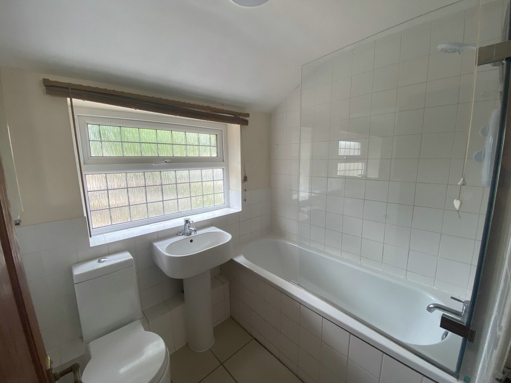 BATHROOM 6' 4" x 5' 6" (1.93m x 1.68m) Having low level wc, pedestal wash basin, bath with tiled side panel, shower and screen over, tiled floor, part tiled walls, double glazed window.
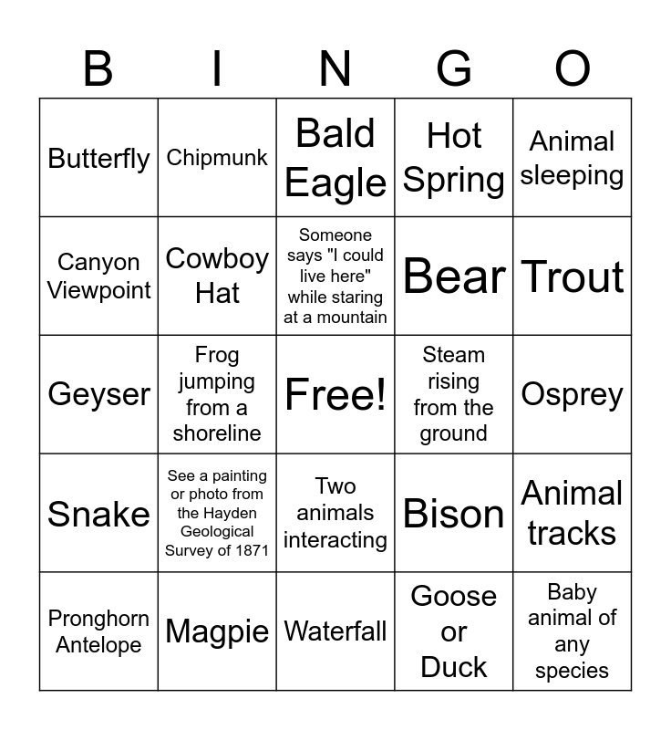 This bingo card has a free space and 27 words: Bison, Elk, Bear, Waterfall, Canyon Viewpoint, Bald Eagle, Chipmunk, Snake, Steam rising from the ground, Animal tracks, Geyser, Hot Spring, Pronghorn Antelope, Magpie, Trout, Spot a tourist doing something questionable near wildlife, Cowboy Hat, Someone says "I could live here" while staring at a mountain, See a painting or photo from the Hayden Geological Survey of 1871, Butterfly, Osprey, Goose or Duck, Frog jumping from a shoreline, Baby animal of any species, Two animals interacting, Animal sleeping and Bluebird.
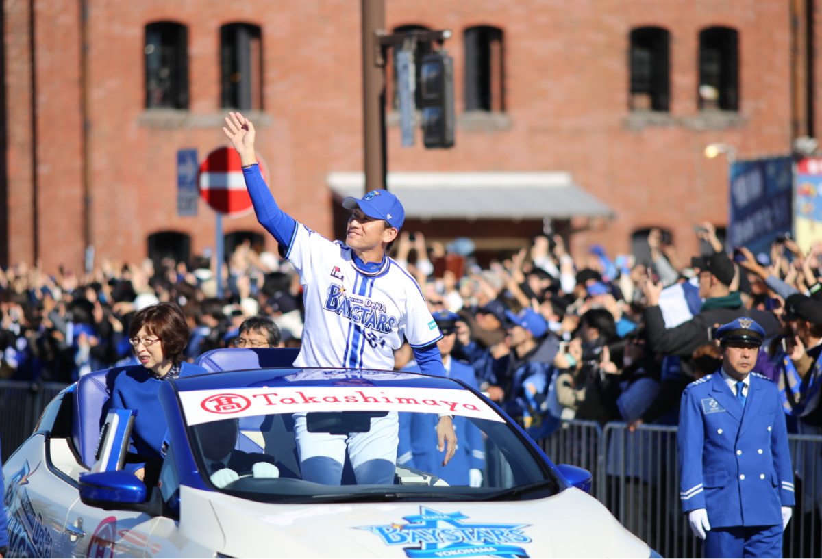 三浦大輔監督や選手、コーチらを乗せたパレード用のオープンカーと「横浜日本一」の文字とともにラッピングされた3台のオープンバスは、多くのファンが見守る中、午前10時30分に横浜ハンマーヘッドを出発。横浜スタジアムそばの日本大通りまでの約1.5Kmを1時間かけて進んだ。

--------------------

EXERCISE DIRECTIONS
An exact copy of the data above is required, printed without its pictures.

RESULT OF THE EXERCISE
 BATHROOM 6' 4" x 5' 6" (1.93m x 1.68m) Having low level wc, pedestal wash basin, bath with tiled side panel, shower and screen over, tiled floor, part tiled walls, double glazed window.
 This bingo card has a free space and 27 words: Bison, Elk, Bear, Waterfall, Canyon Viewpoint, Bald Eagle, Chipmunk, Snake, Steam rising from the ground, Animal tracks, Geyser, Hot Spring, Pronghorn Antelope, Magpie, Trout, Spot a tourist doing something questionable near wildlife, Cowboy Hat, Someone says "I could live here" while staring at a mountain, See a painting or photo from the Hayden Geological Survey of 1871, Butterfly, Osprey, Goose or Duck, Frog jumping from a shoreline, Baby animal of any species, Two animals interacting, Animal sleeping and Bluebird.
 三浦大輔監督や選手、コーチらを乗せたパレード用のオープンカーと「横浜日本一」の文字とともにラッピングされた3台のオープンバスは、多くのファンが見守る中、午前10時30分に横浜ハンマーヘッドを出発。横浜スタジアムそばの日本大通りまでの約1.5Kmを1時間かけて進んだ。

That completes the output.